SLEEP CENTER

   EDUCATION AND LINKS

WHY IS SLEEP IMPORTANT?
Sleep is not merely “time out” from daily life, it is essential for health. Sleep is an active state important for renewing our mental and physical health each day. However, according to the American Academy of Sleep Medicine (AASM), more than 100 million Americans of all ages fail to get a good night's sleep.

At least 84 disorders of sleeping and waking lead to a lowered quality of life and reduced personal health. These disorders can lead to problems falling asleep and staying asleep, difficulties staying awake or maintaining a regular sleep/wake cycle, sleepwalking, bedwetting, nightmares, and other problems that interfere with sleep.

Some sleep disorders can be life-threatening, putting you at an increased risk for heart attack, stroke, diabetes, fibromyalgia, hypertension and even sexual dysfunction.

Click here to learn more about common sleep disorders.

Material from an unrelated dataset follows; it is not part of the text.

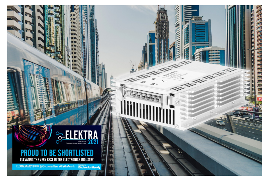
Powerbox ENR500D high efficiency 750V DC/DC converter for light-rail and industrial applications

Designed specifically for railway applications, the ENR500D fulfils the aforementioned stringent EN 50124-1 standard and delivers full performance across the temperature range of -40 to +70 degrees C. It is also meets the requirements of the so-called Pollution Degree 2 (PD2) such as control cabinets in the driver's cabin or passenger compartments.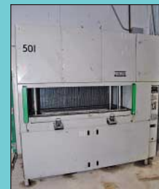
24" X 60" Vinton Hydroweld w/ Branson Digital Controls

Dedicated to the diagnosis and treatment of sleep disorders, the TLRMC Sleep Center is located on the second floor of the Kelley Medical Center. The Sleep Center’s director is Pulmonology and Sleep Specialist Michael Zachek, MD.

WHAT IS A SLEEP STUDY?
A Sleep Study, also called a polysomnogram, is a recording of several measurements used to identify sleep stages and various sleep disorders. After your physician has referred you for a sleep study, you will come to our luxurious Sleep Center. Your suite for the night is similar to a fine hotel and features a comfortable bed, a beautiful bathroom including a full-size shower, a television and relaxing lighting. The suites were created to make your night as comfortable as possible.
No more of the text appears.